In dusk, the Xperia Z5 Premium was the worst performer. Again, with the out-of- the-box settings, the resulting images looked flat and dull.


The Galaxy S7 shot was sharp, low on noise and had good colour reproduction.

Action shots

It might be expecting a lot from a camera phone to take crisp action shots the way a digital SLR would. But we do it anyway, if the endless blurry shots people inflict on friends and family through Facebook are anything to go by.

The P9 has object tracking, but even it couldn’t keep up with a fast-paced toddler. There were plenty of blurred faces despite the object tracking being told what to focus on. The HTC performed a little better, bringing in laser focus to the party, while the Z5 was fast to focus but still blurred a bit when it really mattered.


Despite the lack of laser focus and other technical-sounding things, the iPhone SE turned out the best shots of the bunch.


All the cameras here shoot high-definition video, with 4K available in all but the Huawei P9. Despite this, the P9 shoots some good video, allowing you to choose focus and white balance points separately so you don’t end up with a dark video. There’s very little to separate the rest, although the iPhone SE video did come out impressively sharp in our tests.

Out of all the cameras though, the HTC 10 is the only one to make the leap to high-res audio to go alongside that ultra high-definition video.
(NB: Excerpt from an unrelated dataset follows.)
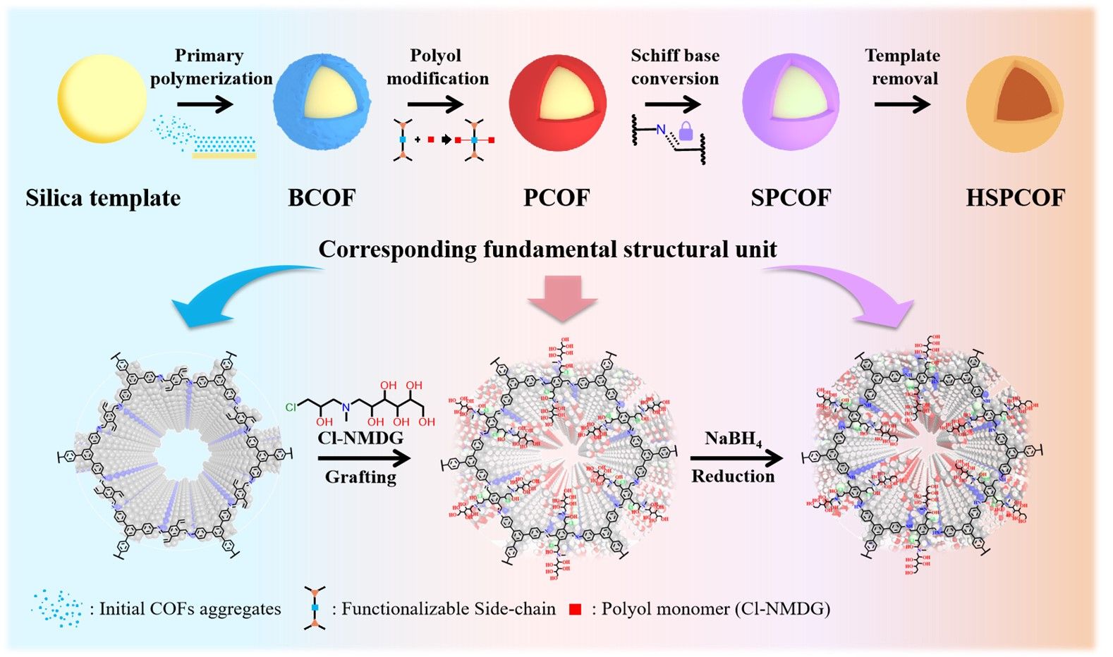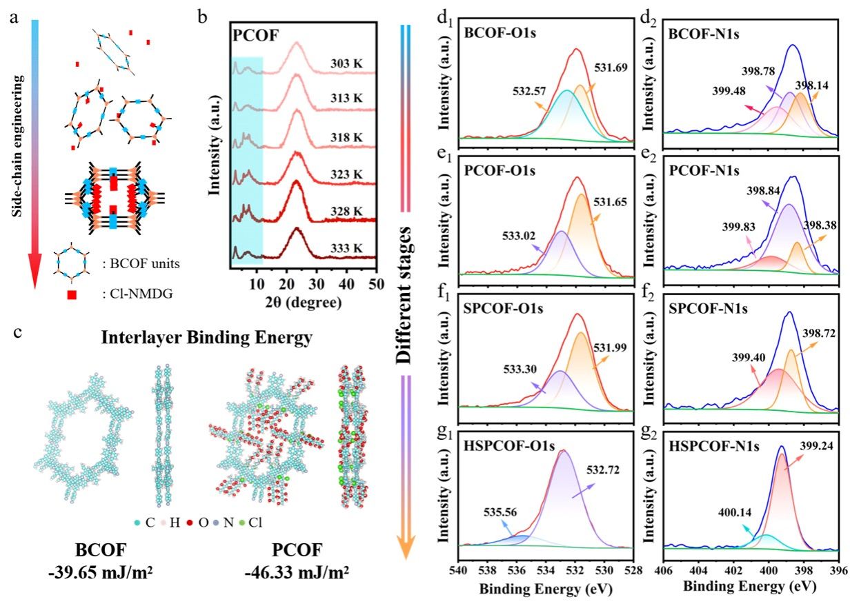 共价有机框架(COFs)作为新兴的多孔晶态材料,在分离纯化领域展现出广阔前景,其性能优势源于高度有序的层状堆积与规则的孔道结构。然而,实际合成过程中易出现堆积无序与功能位点可及性受限等问题,从而影响其分离性能。该研究基于对COFs在硅基介质表面生长行为的SEM与XRD分析,揭示了其结构演化机制,并提出了一种基于侧链工程的结构重构策略。通过单元锚定多元醇侧链实现功能化,同时依靠其对单元稳定性的提升实现了COFs晶体有序度的强化。在经稳定化修饰及模板去除后,成功获得了具有中空结构的、较大比表面积的及多元醇功能化的COF吸附剂(HSPCOF)。该材料兼具高比表面积、连通孔道与优异的化学稳定性,可在298 K下实现150.05 mg g-1 的硼吸附容量,是商业树脂MK51的10倍以上。密度泛函理论(DFT)计算表明,多元醇侧链可与硼酸根形成双齿环状酯络合物,从而赋予材料高选择性与强结合能力。即使在高盐湖卤水中,HSPCOF仍表现出优异的稳定性与91.51%的硼去除率,验证了其在复杂体系中的应用潜力。本研究不仅阐明了COF在硅模板表面的生长与重构机理,还提出了一种通过侧链工程实现结构有序化与功能精确调控的普适策略,为中空功能化COF材料的可控制备及高效分离应用提供了新的思路。

HTC just edges it here. We’re not entirely convinced that high-res audio will be the game changer for the company, but it can’t hurt to have it on your 4K video tracks.

The verdict

Samsung’s S7 Edge camera was best of the bunch here. Despite being a lot bigger than the iPhone SE, for example, it was easy to get to grips with, and the performed well in both sunshine and low light. Its night shot was the best of the bunch, hands down.